◆ GIVEN ENTRIES ◆
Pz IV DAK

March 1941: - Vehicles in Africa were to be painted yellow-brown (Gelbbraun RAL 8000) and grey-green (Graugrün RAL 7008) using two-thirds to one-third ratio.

...

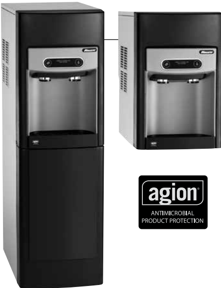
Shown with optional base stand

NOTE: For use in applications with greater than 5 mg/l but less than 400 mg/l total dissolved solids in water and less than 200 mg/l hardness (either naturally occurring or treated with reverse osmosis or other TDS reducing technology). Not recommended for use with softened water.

---

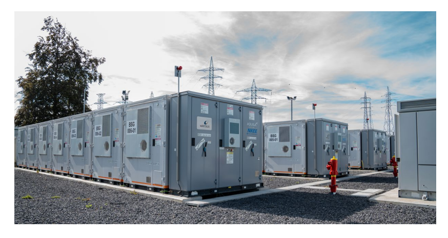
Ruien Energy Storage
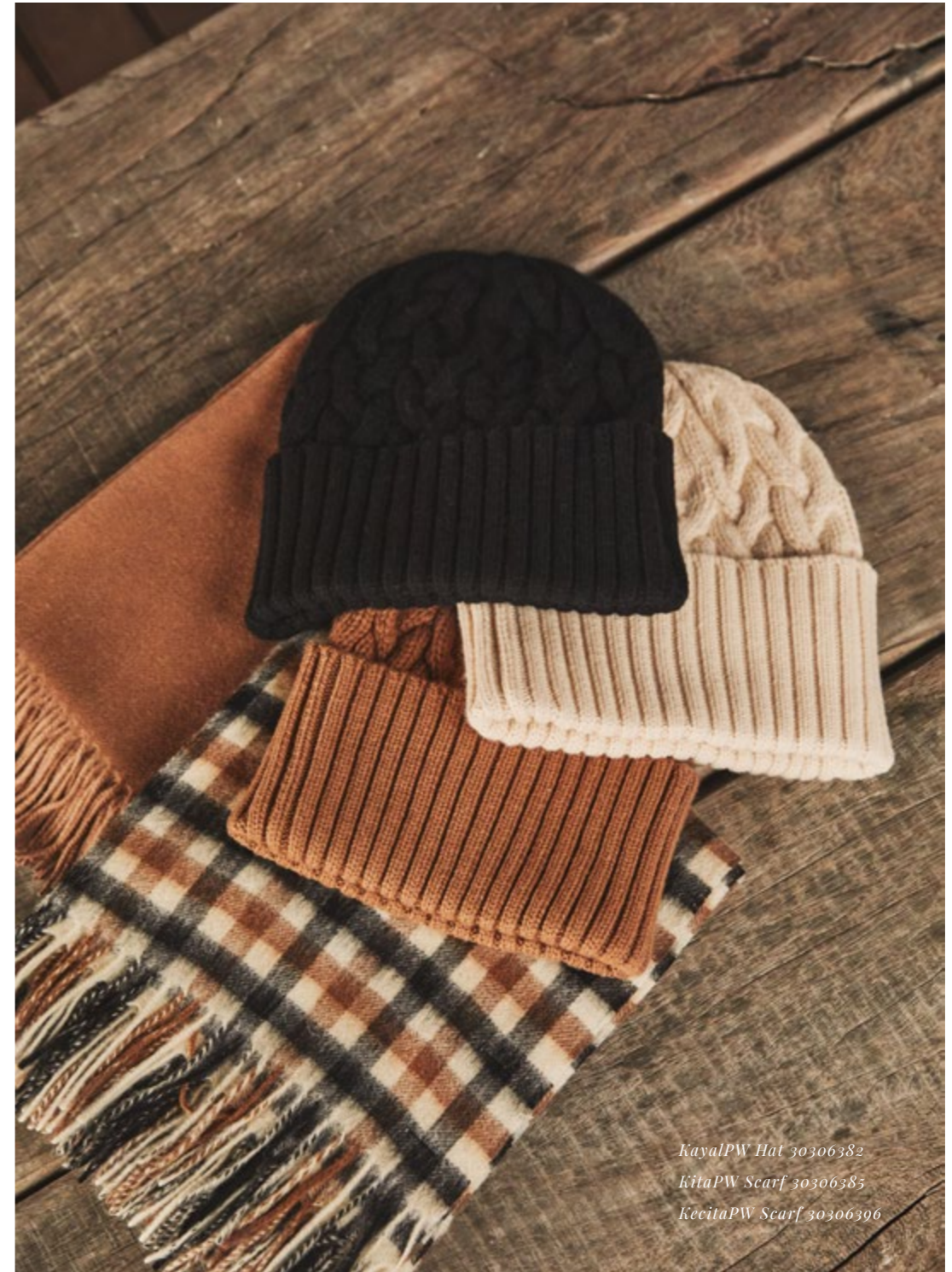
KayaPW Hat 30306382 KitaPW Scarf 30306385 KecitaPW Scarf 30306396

◆ WORK TASK ◆
Within the data above, the lines from the one with "Shown with optional base stand" to the one with "NOTE: For use" must be repeated exactly; no other line belongs in the answer.

◆ COMPLETED TASK ◆
Shown with optional base stand

NOTE: For use in applications with greater than 5 mg/l but less than 400 mg/l total dissolved solids in water and less than 200 mg/l hardness (either naturally occurring or treated with reverse osmosis or other TDS reducing technology). Not recommended for use with softened water.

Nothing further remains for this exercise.